Exercise data:
=== Section Start ===
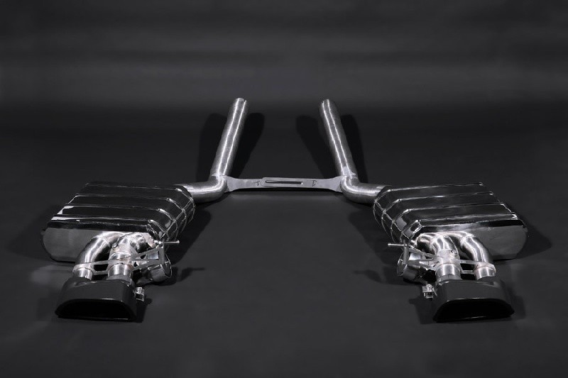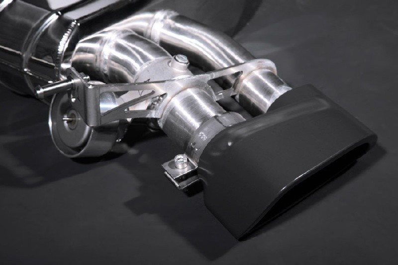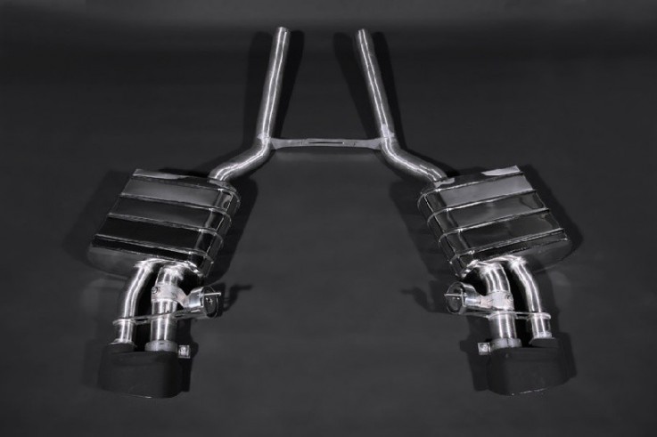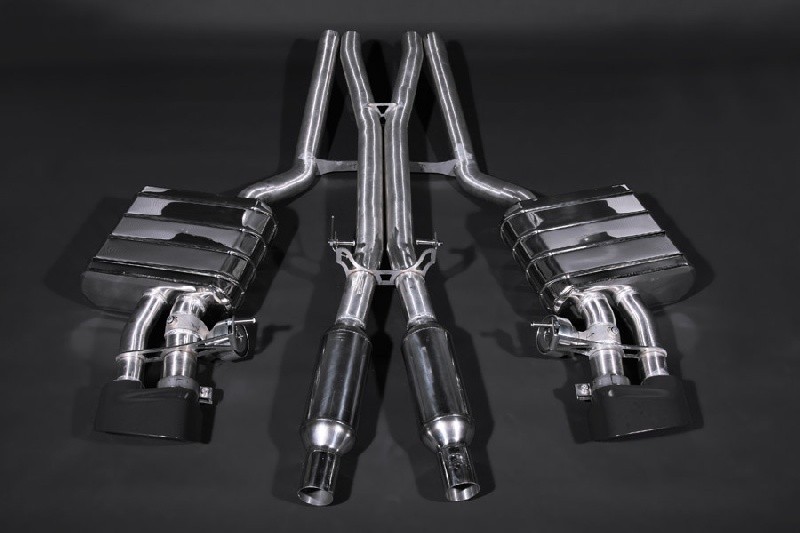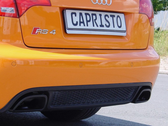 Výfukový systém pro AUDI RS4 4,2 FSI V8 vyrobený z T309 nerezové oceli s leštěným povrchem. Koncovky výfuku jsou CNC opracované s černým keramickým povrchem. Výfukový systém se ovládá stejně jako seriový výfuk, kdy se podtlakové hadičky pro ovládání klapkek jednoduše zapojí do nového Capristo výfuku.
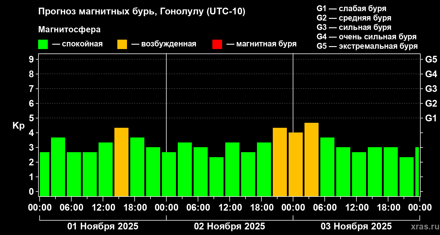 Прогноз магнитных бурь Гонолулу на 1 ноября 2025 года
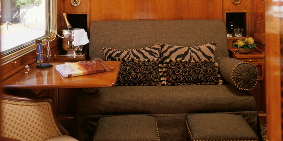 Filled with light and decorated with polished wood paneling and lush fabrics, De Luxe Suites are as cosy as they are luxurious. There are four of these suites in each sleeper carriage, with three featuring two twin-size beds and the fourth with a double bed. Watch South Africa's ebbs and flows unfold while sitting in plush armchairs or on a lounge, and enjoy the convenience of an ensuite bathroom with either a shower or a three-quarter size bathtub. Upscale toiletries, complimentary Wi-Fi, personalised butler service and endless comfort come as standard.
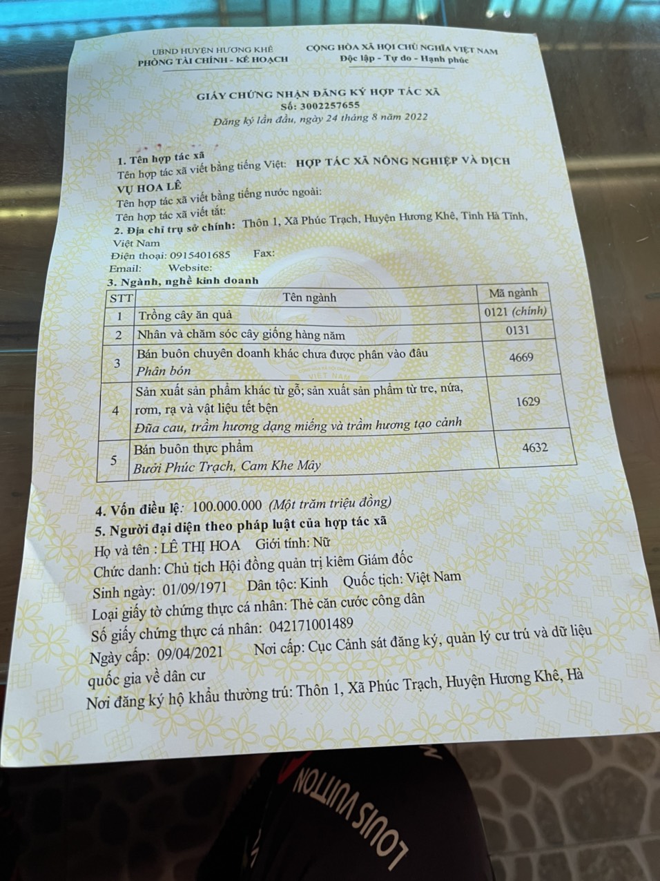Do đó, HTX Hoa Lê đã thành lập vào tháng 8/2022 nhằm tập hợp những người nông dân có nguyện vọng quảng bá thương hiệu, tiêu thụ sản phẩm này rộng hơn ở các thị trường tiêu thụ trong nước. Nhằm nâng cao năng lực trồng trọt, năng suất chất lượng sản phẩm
=== Section End ===
Task statement: All of the material above is to be retyped exactly, with no pictures included.

Result of the exercise:
 Výfukový systém pro AUDI RS4 4,2 FSI V8 vyrobený z T309 nerezové oceli s leštěným povrchem. Koncovky výfuku jsou CNC opracované s černým keramickým povrchem. Výfukový systém se ovládá stejně jako seriový výfuk, kdy se podtlakové hadičky pro ovládání klapkek jednoduše zapojí do nového Capristo výfuku.
 Прогноз магнитных бурь Гонолулу на 1 ноября 2025 года
 Filled with light and decorated with polished wood paneling and lush fabrics, De Luxe Suites are as cosy as they are luxurious. There are four of these suites in each sleeper carriage, with three featuring two twin-size beds and the fourth with a double bed. Watch South Africa's ebbs and flows unfold while sitting in plush armchairs or on a lounge, and enjoy the convenience of an ensuite bathroom with either a shower or a three-quarter size bathtub. Upscale toiletries, complimentary Wi-Fi, personalised butler service and endless comfort come as standard.
Do đó, HTX Hoa Lê đã thành lập vào tháng 8/2022 nhằm tập hợp những người nông dân có nguyện vọng quảng bá thương hiệu, tiêu thụ sản phẩm này rộng hơn ở các thị trường tiêu thụ trong nước. Nhằm nâng cao năng lực trồng trọt, năng suất chất lượng sản phẩm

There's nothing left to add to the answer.